YOUR OBJECTIVE » Leave the pictures out and reproduce all the entries word for word.

INFORMATION PROVIDED »

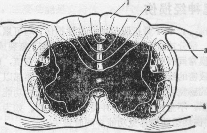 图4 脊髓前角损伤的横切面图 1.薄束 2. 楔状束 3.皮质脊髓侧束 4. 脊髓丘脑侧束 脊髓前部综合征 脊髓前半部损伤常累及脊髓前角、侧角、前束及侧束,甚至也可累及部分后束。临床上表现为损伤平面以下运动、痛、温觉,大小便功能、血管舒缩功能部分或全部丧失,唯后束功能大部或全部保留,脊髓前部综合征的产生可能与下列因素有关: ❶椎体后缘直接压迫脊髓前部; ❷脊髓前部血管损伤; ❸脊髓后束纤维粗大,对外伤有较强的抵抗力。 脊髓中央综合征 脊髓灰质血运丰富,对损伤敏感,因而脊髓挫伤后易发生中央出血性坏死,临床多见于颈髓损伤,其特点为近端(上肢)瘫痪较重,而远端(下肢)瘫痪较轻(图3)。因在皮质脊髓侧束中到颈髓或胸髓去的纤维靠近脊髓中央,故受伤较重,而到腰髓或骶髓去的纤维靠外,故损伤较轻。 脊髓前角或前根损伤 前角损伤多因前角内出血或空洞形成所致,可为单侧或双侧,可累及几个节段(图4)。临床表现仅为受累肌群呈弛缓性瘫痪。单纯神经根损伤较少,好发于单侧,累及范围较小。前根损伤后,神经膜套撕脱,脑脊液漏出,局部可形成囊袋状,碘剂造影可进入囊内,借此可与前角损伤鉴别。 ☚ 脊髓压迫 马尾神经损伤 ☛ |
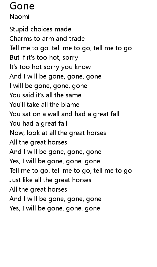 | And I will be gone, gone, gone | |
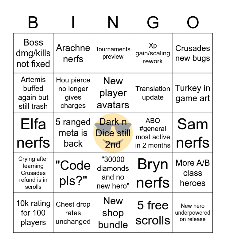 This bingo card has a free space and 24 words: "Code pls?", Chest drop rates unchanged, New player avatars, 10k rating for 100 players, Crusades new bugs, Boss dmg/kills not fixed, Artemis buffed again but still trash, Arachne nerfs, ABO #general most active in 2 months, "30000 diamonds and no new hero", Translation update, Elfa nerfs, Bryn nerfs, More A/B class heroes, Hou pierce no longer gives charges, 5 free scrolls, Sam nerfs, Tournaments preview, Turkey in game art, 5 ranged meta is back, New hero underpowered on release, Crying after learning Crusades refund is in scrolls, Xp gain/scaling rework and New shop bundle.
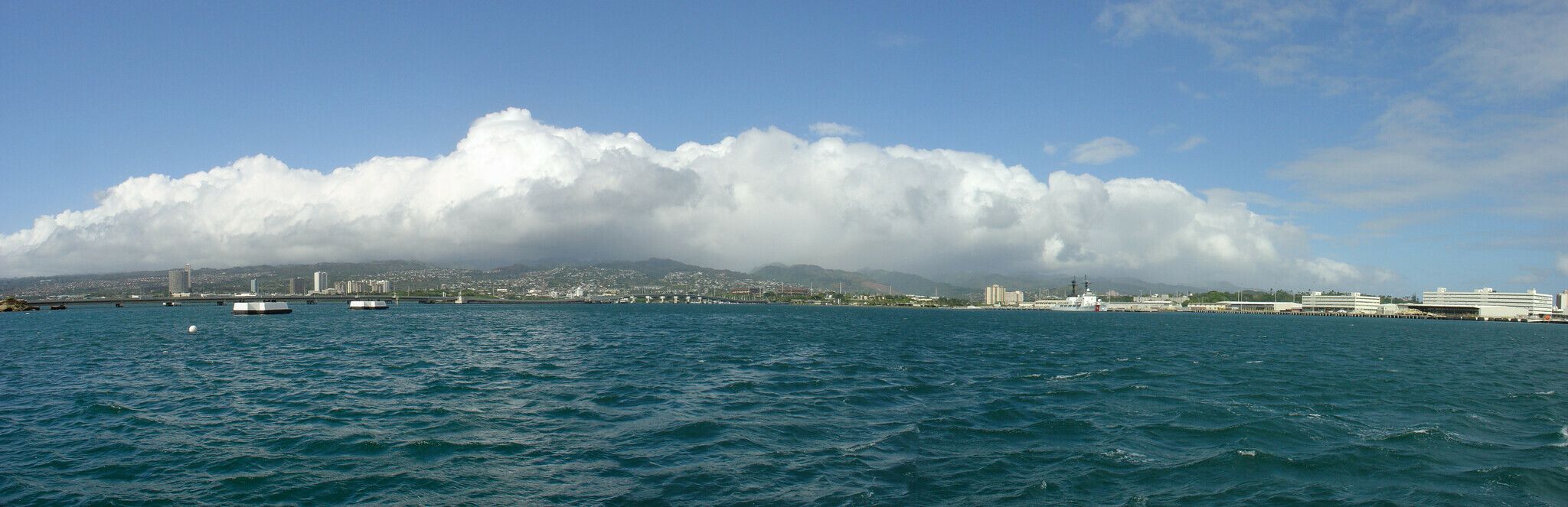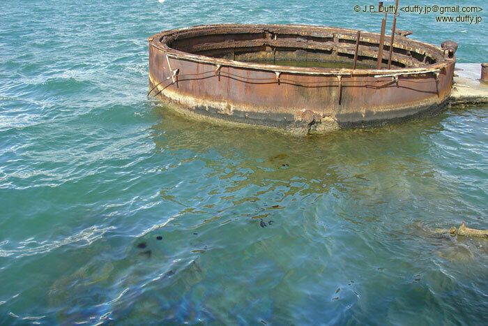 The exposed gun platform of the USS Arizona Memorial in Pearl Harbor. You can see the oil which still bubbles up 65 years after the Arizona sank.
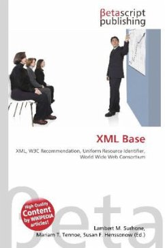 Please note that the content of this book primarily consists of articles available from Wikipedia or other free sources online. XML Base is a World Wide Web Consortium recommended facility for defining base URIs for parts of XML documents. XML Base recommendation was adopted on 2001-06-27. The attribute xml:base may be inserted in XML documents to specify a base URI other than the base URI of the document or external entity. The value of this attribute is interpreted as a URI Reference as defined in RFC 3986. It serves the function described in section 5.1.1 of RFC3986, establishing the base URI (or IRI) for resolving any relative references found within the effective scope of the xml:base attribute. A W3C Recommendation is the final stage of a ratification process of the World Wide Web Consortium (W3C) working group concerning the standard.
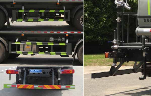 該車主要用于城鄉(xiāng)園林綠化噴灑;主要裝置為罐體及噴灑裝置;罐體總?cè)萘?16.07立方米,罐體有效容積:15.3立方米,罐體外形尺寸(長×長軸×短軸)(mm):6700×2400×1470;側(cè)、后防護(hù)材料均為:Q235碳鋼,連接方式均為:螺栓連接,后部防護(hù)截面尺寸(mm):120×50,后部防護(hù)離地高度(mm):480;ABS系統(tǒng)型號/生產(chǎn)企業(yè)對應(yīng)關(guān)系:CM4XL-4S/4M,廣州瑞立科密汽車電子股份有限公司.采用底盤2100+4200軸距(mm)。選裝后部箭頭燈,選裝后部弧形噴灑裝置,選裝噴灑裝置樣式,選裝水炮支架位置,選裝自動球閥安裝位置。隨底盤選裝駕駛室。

SOLVED PROBLEM »
 图4 脊髓前角损伤的横切面图 1.薄束 2. 楔状束 3.皮质脊髓侧束 4. 脊髓丘脑侧束 脊髓前部综合征 脊髓前半部损伤常累及脊髓前角、侧角、前束及侧束,甚至也可累及部分后束。临床上表现为损伤平面以下运动、痛、温觉,大小便功能、血管舒缩功能部分或全部丧失,唯后束功能大部或全部保留,脊髓前部综合征的产生可能与下列因素有关: ❶椎体后缘直接压迫脊髓前部; ❷脊髓前部血管损伤; ❸脊髓后束纤维粗大,对外伤有较强的抵抗力。 脊髓中央综合征 脊髓灰质血运丰富,对损伤敏感,因而脊髓挫伤后易发生中央出血性坏死,临床多见于颈髓损伤,其特点为近端(上肢)瘫痪较重,而远端(下肢)瘫痪较轻(图3)。因在皮质脊髓侧束中到颈髓或胸髓去的纤维靠近脊髓中央,故受伤较重,而到腰髓或骶髓去的纤维靠外,故损伤较轻。 脊髓前角或前根损伤 前角损伤多因前角内出血或空洞形成所致,可为单侧或双侧,可累及几个节段(图4)。临床表现仅为受累肌群呈弛缓性瘫痪。单纯神经根损伤较少,好发于单侧,累及范围较小。前根损伤后,神经膜套撕脱,脑脊液漏出,局部可形成囊袋状,碘剂造影可进入囊内,借此可与前角损伤鉴别。 ☚ 脊髓压迫 马尾神经损伤 ☛ |
 | And I will be gone, gone, gone | |
 This bingo card has a free space and 24 words: "Code pls?", Chest drop rates unchanged, New player avatars, 10k rating for 100 players, Crusades new bugs, Boss dmg/kills not fixed, Artemis buffed again but still trash, Arachne nerfs, ABO #general most active in 2 months, "30000 diamonds and no new hero", Translation update, Elfa nerfs, Bryn nerfs, More A/B class heroes, Hou pierce no longer gives charges, 5 free scrolls, Sam nerfs, Tournaments preview, Turkey in game art, 5 ranged meta is back, New hero underpowered on release, Crying after learning Crusades refund is in scrolls, Xp gain/scaling rework and New shop bundle.
 The exposed gun platform of the USS Arizona Memorial in Pearl Harbor. You can see the oil which still bubbles up 65 years after the Arizona sank.
 Please note that the content of this book primarily consists of articles available from Wikipedia or other free sources online. XML Base is a World Wide Web Consortium recommended facility for defining base URIs for parts of XML documents. XML Base recommendation was adopted on 2001-06-27. The attribute xml:base may be inserted in XML documents to specify a base URI other than the base URI of the document or external entity. The value of this attribute is interpreted as a URI Reference as defined in RFC 3986. It serves the function described in section 5.1.1 of RFC3986, establishing the base URI (or IRI) for resolving any relative references found within the effective scope of the xml:base attribute. A W3C Recommendation is the final stage of a ratification process of the World Wide Web Consortium (W3C) working group concerning the standard.
 該車主要用于城鄉(xiāng)園林綠化噴灑;主要裝置為罐體及噴灑裝置;罐體總?cè)萘?16.07立方米,罐體有效容積:15.3立方米,罐體外形尺寸(長×長軸×短軸)(mm):6700×2400×1470;側(cè)、后防護(hù)材料均為:Q235碳鋼,連接方式均為:螺栓連接,后部防護(hù)截面尺寸(mm):120×50,后部防護(hù)離地高度(mm):480;ABS系統(tǒng)型號/生產(chǎn)企業(yè)對應(yīng)關(guān)系:CM4XL-4S/4M,廣州瑞立科密汽車電子股份有限公司.采用底盤2100+4200軸距(mm)。選裝后部箭頭燈,選裝后部弧形噴灑裝置,選裝噴灑裝置樣式,選裝水炮支架位置,選裝自動球閥安裝位置。隨底盤選裝駕駛室。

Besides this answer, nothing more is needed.